PETER ANDROS: There are always people who come up. I’m sure every small business person experiences this. Everyone who’s a customer also knows how to run your business better than you do so there’s a lot of people who are coming up with some crazy ideas that are offering suggestions. Like maybe you should make this kind of a sausage have you ever made this kind of a sausage. One of the other things we do is we do some sausage making classes as well and one of the more interesting comments we had at one was somebody asked if we could make a sausage with kimchi. That one kind of threw me for a loop, well why would you want to make a sausage with kimchi but they were very insistent that they tried it and everything just fell apart and I was like well that’s kind of true because there wasn’t any fat in it which is key for a sausage. There’s always people who, well our packaging is, we put four links about one pound in a package so there’s always four links in a package unless it’s a specialty sausage. But there’s always some people who come up and say well how about a sample pack maybe you can just put one of each in a package and looking at them I just smile and say well I’m the one that’s making it and packaging it and that would add so much cost to everything and usually everybody agrees that yeah the price you’re charging I guess I could just buy a whole package. There’s always little things like that, usually it’s something, have you ever made this kind of a sausage and usually it’s something exotic like do you make alligator sausage and nope I stick with just pork chicken, whatever I make here I make 15 different, 15-16 different flavors. Pork, chicken, we have some duck and wild boar, that’s about it that’s about all I can handle on my plate right now.

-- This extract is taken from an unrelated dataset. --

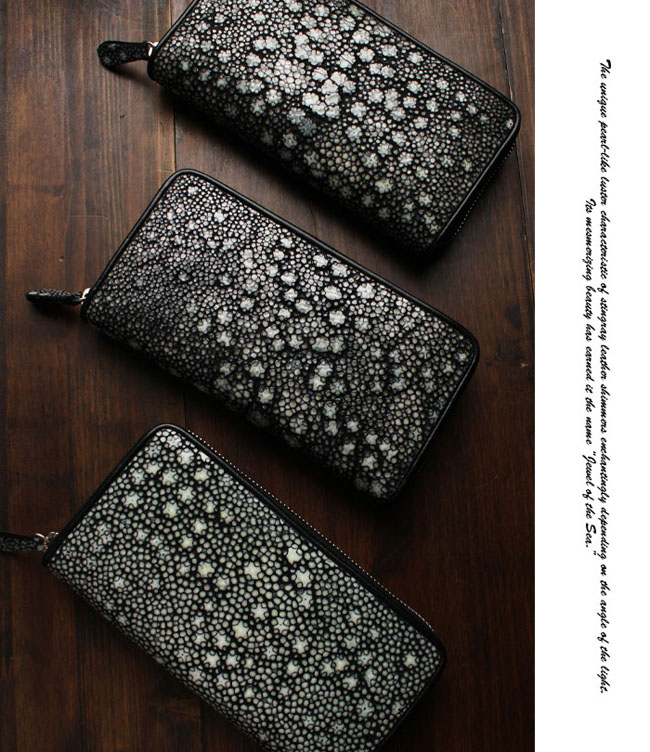 | 製品名 | スティングレイ/エイ革 スタースティングレイ ガルーシャ 海の宝石 梅華皮 梅花皮 星形模様 長財布 ラウンドファスナー 革財布 ウォレット |

HOST: Despite the plethora of odd alligator type suggestions, Peter said he does take advice from friends and customers when he thinks these suggestions are good ideas for his business.
PETER ANDROS: There’s this one friend of mine, chef friend of mine in Chicago when I first started out chef Julius Russell was key in helping me develop flavors. Not necessarily developing them but was very influential in saying that if you’re going to put flavor into it put as much flavor into it, you’re going to think that it’s not very flavorful you might want to hold back but just keep putting more keep putting more until somebody who’s buying your product tells you it’s too much when they tell you it’s too much, then you cut back. So that’s something that I’ve taken to heart and what I’ve tried to do with all of my sausages and for the most part I haven’t had many people tell me that they were wrong. Most of the time I know if there’s a combination that doesn’t work it usually comes back in the sales numbers. If something’s not selling then there’s a good reason for that.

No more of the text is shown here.